BBC “liberal bias” to be investigated
Posted by admin978 on October 12, 2012 · Leave a Comment
The BBC has announced that it will hold an internal investigation into allegations that the Corporation has a built-in bias over the issues of immigration, religion and Europe.
BBC Trust chairman Lord Patten said:
“It’s an acceptance that these are areas where people are particularly concerned that we should get it right.
“We’ve been criticised in those areas and we think it’s very important to listen to that criticism, not necessarily because it’s right but because it reflects real and interesting concerns.
“It’s an acceptance that these are areas where people are particularly concerned that we should get it right.
“We’ve been criticised in those areas and we think it’s very important to listen to that criticism, not necessarily because it’s right but because it reflects real and interesting concerns.”
It’s very unlikely that this investigation will amount to anything – not least because the problem is not really at the BBC, but with our entire establishment political culture.
More than sixty years ago this establishment effectively abandoned the defence of British (or real European) identity, with the beginning of an inexorable drive towards the multiracial society and the European Union.
The likes of Lord Patten – in theory a Conservative politician but thoroughly signed up to the “liberal” consensus, as much if not more than any Labour equivalent – are part of the problem.

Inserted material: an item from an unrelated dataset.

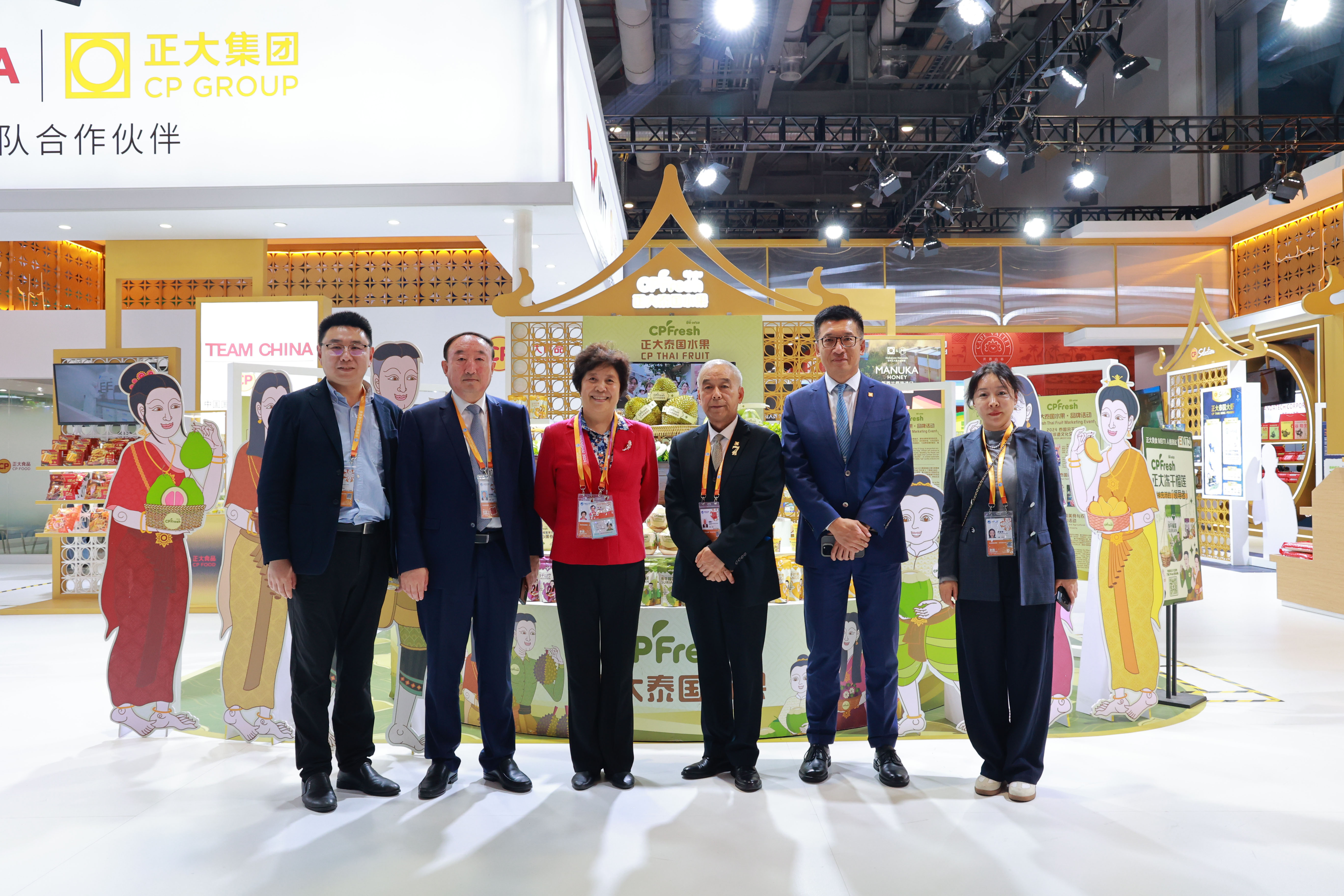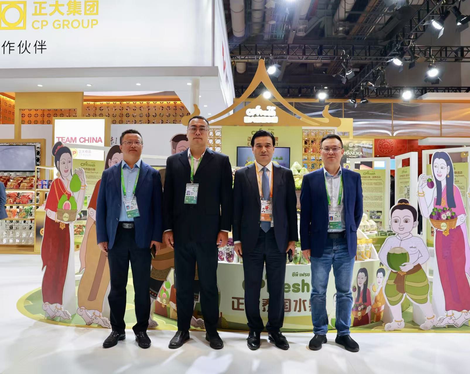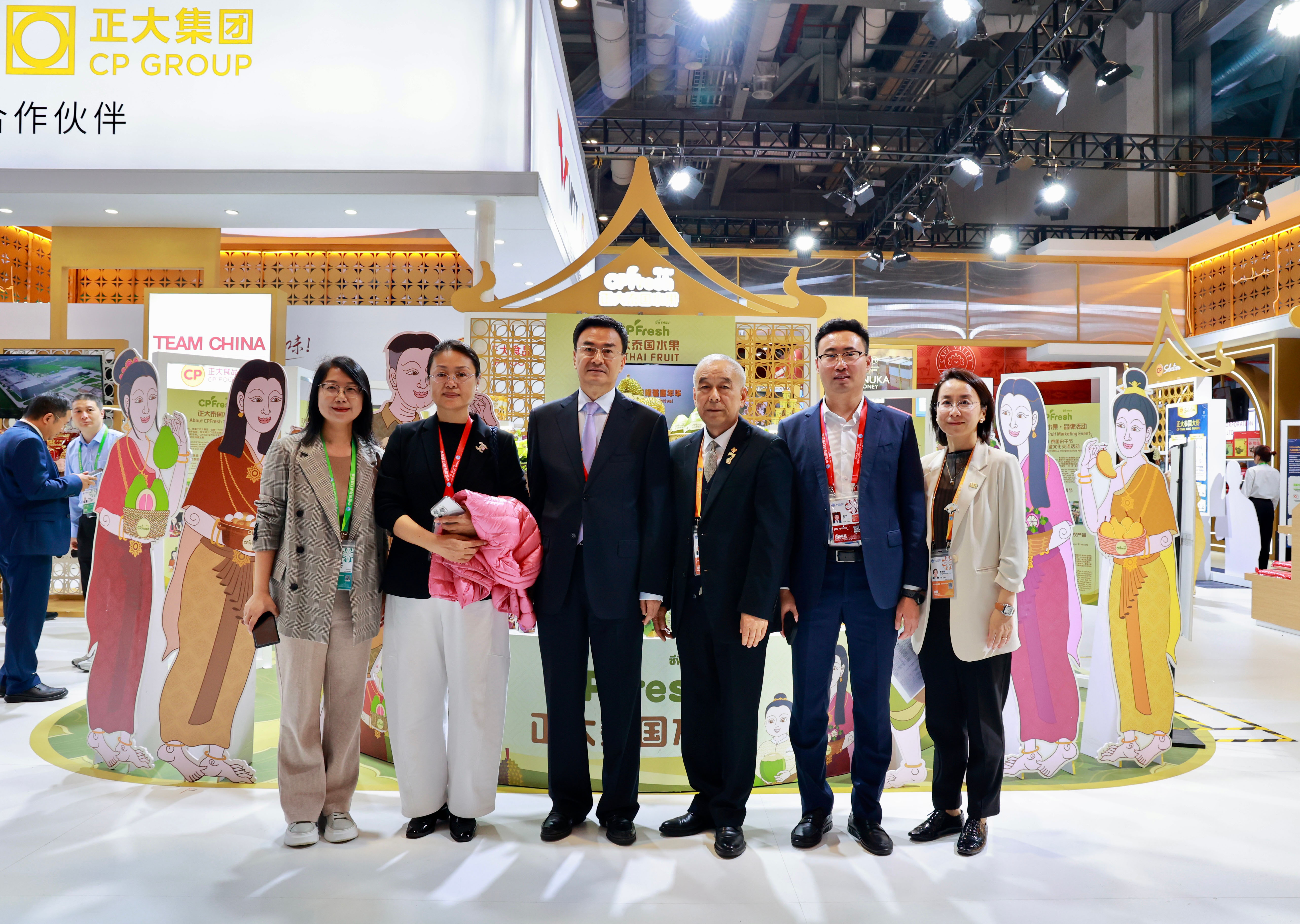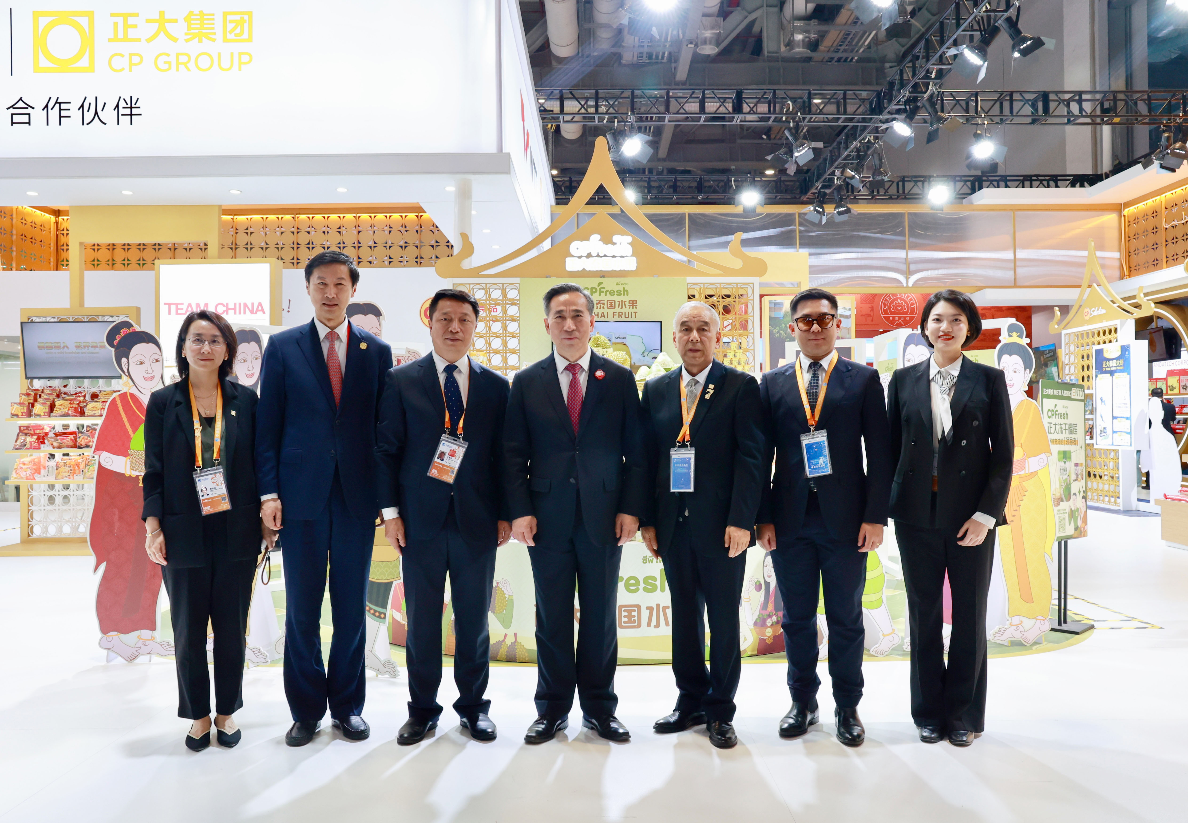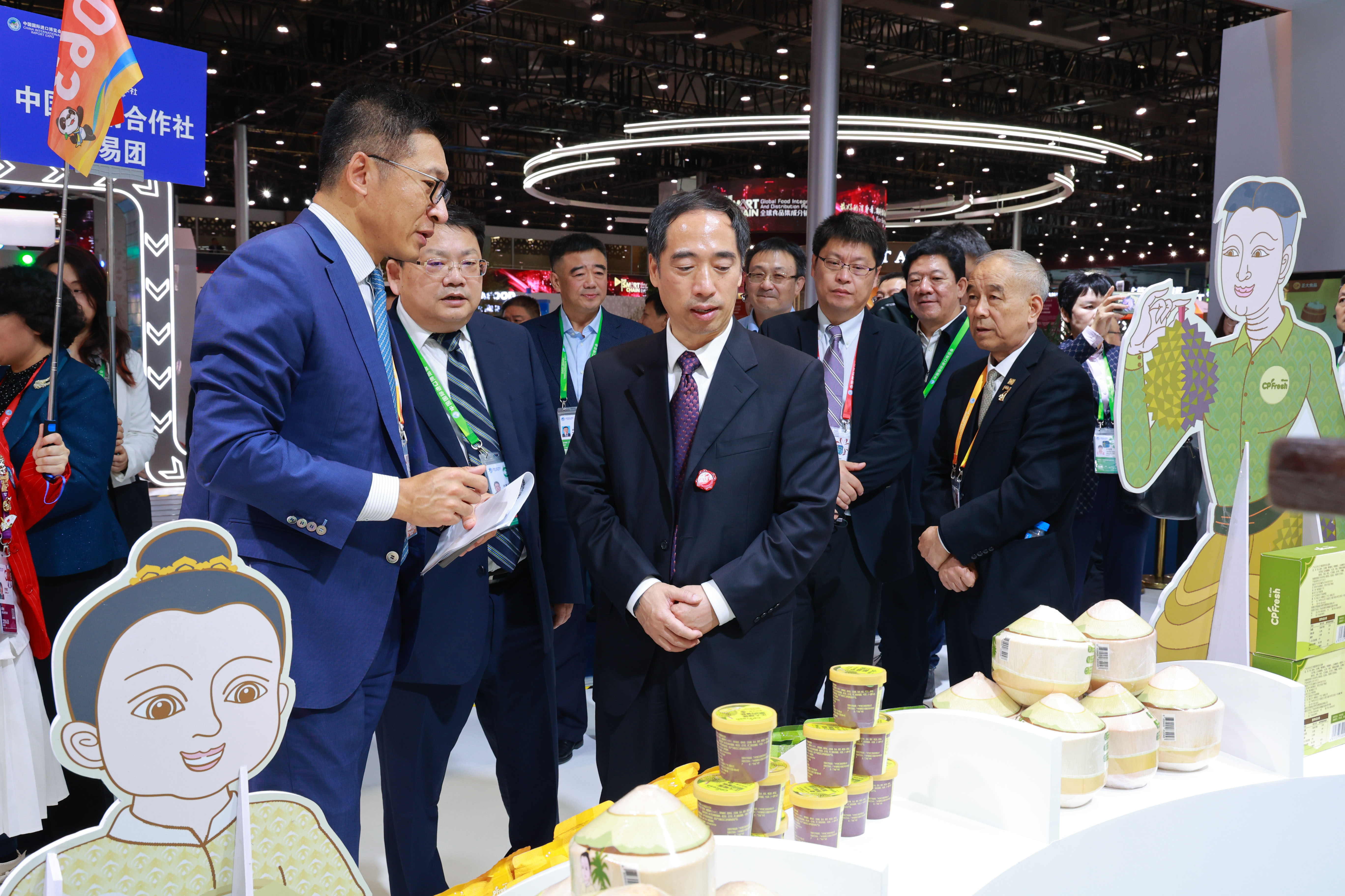 ▲11月5日,中华全国供销合作总社理事会副主任张梅林(左三)一行参观365英国上市公司展馆,薛增一资深副董事长(右一)、扬纲总裁(左一)等热情接待来宾并介绍365英国上市公司CPFresh 泰国水果。

Among many other roles, Patten is for example co-chairman of the International Crisis Group, which seeks to promote a liberal pro-Zionist approach to international affairs and has operated in the shadows during the Arab Spring.
The last time there was an internal BBC investigation of institutional bias it was at the instigation of the Zionist lobby, who successfully bullied the Corporation into adopting an even more pro-Israeli news agenda.
This coincided with the arrival of BBC Director-General Mark Thompson – married to Jewish-American Jane Blumberg. An old school friend of Thompson’s arranged a secret meeting with Israeli arms dealer and lobbyist Poju Zabludowicz, which led to a further meeting with then Israeli Prime Minister Ariel Sharon.
The BBC claims not to have any minutes of the meeting between its Director General and the Israeli Prime Minister, but among the evident changes in BBC policy was the Corporation’s banning of the Gaza Emergency Appeal broadcast, which had been endorsed by Britain’s leading charities in response to the Israeli attack on Gaza.
Mr Thompson has now left the BBC to take up a new job with another pillar of the pro-Zionist media, as Chief Executive of the New York Times.
Neither the New York Times nor the BBC is likely to address its overwhelming bias any time soon: fortunately the internet and satellite media allow other voices to be heard.